Научно-исследовательская программа вступает в стадию своего "вырождения".

Однако и тогда ученые не спешат расстаться с ней. Лишь после того, как

возникает и завоевывает умы новая научно-исследовательская программа,

которая не только позволяет решить задачи, оказавшиеся не под силу

"выродившейся" программе, но и открывает новые горизонты исследования,

раскрывает более широкий творческий потенциал, она вытесняет старую

программу.

В функционировании, росте и смене научно-исследовательских программ

проявляет себя рациональность науки. Концепция научной рациональности

выражается достаточно простым и привлекательным для ученых критерием:

рационально действует тот исследователь, который выбирает оптимальную

стратегию для роста эмпирического знания; всякая иная ориентация

нерациональна или иррациональна.

Как уже было сказано, методологическая концепция И. Лакатоса по своему

замыслу должна была максимально приблизить теоретические представления о

научной рациональности к реальной истории науки. Сам Лакатос часто повторял

в своих работах, что "философия науки без истории науки пуста, история науки

без философии науки слепа"27. Обращаясь к истории науки,

методолог обязан включить в теоретическую модель научной рациональности

такие факторы, как соперничество научных теорий, проблему выбора теорий и

методов, проблему исторического признания или отвержения научных теорий. Он

должен рационально объяснить те процессы, которые не укладываются в

догматические, оторванные от реальности схемы.

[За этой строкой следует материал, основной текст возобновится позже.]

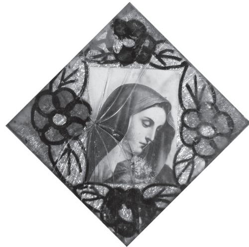
Скляна рамка з декоративним розписом — обрамлення для ікони-фотокопії «Страждальна Мати». Середина — друга половина ХХ ст., с. Шутроминці Заліщицького р-ну Тернопільської обл. Фото автора 2011 р.
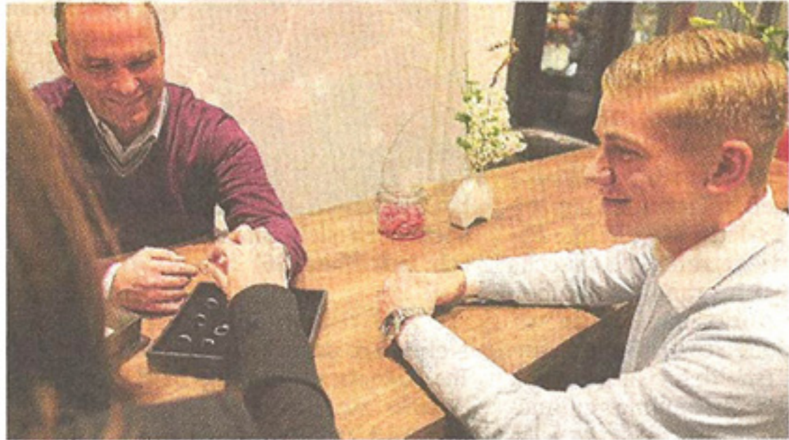
Ausprobieren ist eine der goldenen Regeln bei der Wahl der Trauringe. Bei dem Juwelier „Marrying“ werden Brautpaare kompetent beraten.

► Vielfalt an Materialien: Es gibt Trauringe in Gelb-, Rot-, Rosé- und Weißgold oder Platin. Die Proportionen der Hände und die Hauttöne helfen hier weiter, das ideale Material zu finden. Ausprobieren ist der beste Weg! Und die Braut, die ja meist mehr als nur den Ehering am Finger trägt, sollte in Gedanken auch ih-
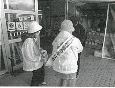
羽幌町赤十字奉仕団の皆様による街頭募金
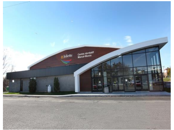
Figure 2: Aréna de Joliette

Après de nombreuses rénovations, cette bâtisse a eu la chance de subir une cure de rajeunissement, tout en étant mieux adaptée en fonction de la réalité d'aujourd'hui. La ville souhaite que tous puissent bénéficier d'une expérience sécuritaire et plaisante. En plus de servir le club de patinage artistique local et le hockey mineur, l'Aréna propose de septembre à avril, des heures de patin libre. Cet aréna constitue un attrait du divertissement de la ville.
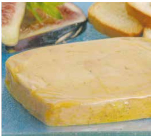
Foie Micuit 60 g
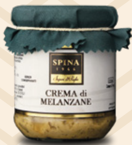
Crema di Melanzane Aubergines paté CODE: VSO133 -190 g

Выполнила ли методология научно-исследовательских программ эту задачу?

Чтобы ответить на этот вопрос, важно понять принципиальную трудность, с

которой сталкивается всякая попытка "рациональной реконструкции" истории

науки.

Когда критерии научной рациональности "накладываются" на процессы,

происходящие в реальной научной истории, неизбежно происходит обоюдная

критика: с одной стороны, схема рациональной реконструкции (как всякая

схема) неизбежно оказывается слишком тесной, узкой, неполной, оставляющей за

своими рамками множество фактов, событий, мотивов и т.д., имевших

несомненное и важное значение для развития научной мысли; с другой стороны,

история науки, рассмотренная сквозь призму этой схемы, выглядит

нерациональной именно в тех своих моментах, которые как раз и обладают этим

значением.

Согласно критерию рациональности, выводимому из методологии И.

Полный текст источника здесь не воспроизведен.